Task requirements -> Your output should be the lines of the data that follow, reproduced exactly from the first through the line bearing "Der Helm besteht".

Source data below:

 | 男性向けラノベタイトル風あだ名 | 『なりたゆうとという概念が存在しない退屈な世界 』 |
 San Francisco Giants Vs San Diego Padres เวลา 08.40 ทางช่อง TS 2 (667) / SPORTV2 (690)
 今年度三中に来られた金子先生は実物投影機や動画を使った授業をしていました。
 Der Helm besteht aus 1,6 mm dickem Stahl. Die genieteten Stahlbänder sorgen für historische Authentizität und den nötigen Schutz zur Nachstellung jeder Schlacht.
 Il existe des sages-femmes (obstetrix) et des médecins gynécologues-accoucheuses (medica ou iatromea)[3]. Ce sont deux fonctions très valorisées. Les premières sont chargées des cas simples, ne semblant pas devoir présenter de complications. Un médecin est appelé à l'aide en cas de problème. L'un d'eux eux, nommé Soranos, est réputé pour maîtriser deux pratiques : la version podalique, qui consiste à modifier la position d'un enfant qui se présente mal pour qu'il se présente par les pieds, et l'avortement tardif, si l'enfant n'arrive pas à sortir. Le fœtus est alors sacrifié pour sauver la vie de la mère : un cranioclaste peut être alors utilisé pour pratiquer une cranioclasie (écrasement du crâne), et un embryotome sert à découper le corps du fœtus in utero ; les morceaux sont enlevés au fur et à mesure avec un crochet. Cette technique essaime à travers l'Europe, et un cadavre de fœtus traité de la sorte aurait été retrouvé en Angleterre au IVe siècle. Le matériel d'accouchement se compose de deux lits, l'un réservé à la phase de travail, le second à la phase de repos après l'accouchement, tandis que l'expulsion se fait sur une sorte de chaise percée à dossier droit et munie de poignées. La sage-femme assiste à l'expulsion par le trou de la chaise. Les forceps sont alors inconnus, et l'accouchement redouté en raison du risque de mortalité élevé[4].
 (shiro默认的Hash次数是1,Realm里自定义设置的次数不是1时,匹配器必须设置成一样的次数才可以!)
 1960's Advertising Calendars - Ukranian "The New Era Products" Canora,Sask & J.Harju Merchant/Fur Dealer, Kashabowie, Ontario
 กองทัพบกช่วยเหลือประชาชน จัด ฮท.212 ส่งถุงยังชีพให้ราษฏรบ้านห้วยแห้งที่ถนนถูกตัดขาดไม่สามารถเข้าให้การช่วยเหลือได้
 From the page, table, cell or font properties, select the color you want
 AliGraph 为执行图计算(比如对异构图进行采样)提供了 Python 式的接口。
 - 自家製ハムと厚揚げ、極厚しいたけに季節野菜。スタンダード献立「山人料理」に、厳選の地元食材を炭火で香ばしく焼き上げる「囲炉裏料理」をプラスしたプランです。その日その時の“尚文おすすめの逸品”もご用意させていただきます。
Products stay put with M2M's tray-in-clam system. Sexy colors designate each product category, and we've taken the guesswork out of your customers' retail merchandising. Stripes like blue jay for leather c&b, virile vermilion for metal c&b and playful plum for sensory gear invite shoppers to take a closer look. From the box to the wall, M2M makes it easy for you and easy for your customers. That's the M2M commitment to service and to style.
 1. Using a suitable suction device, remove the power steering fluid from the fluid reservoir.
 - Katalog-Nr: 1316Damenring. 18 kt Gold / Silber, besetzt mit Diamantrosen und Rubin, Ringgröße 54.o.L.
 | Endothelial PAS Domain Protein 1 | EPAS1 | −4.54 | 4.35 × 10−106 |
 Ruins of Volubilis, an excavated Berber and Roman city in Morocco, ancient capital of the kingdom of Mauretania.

End of Source data.

Expected answer ->
 | 男性向けラノベタイトル風あだ名 | 『なりたゆうとという概念が存在しない退屈な世界 』 |
 San Francisco Giants Vs San Diego Padres เวลา 08.40 ทางช่อง TS 2 (667) / SPORTV2 (690)
 今年度三中に来られた金子先生は実物投影機や動画を使った授業をしていました。
 Der Helm besteht aus 1,6 mm dickem Stahl. Die genieteten Stahlbänder sorgen für historische Authentizität und den nötigen Schutz zur Nachstellung jeder Schlacht.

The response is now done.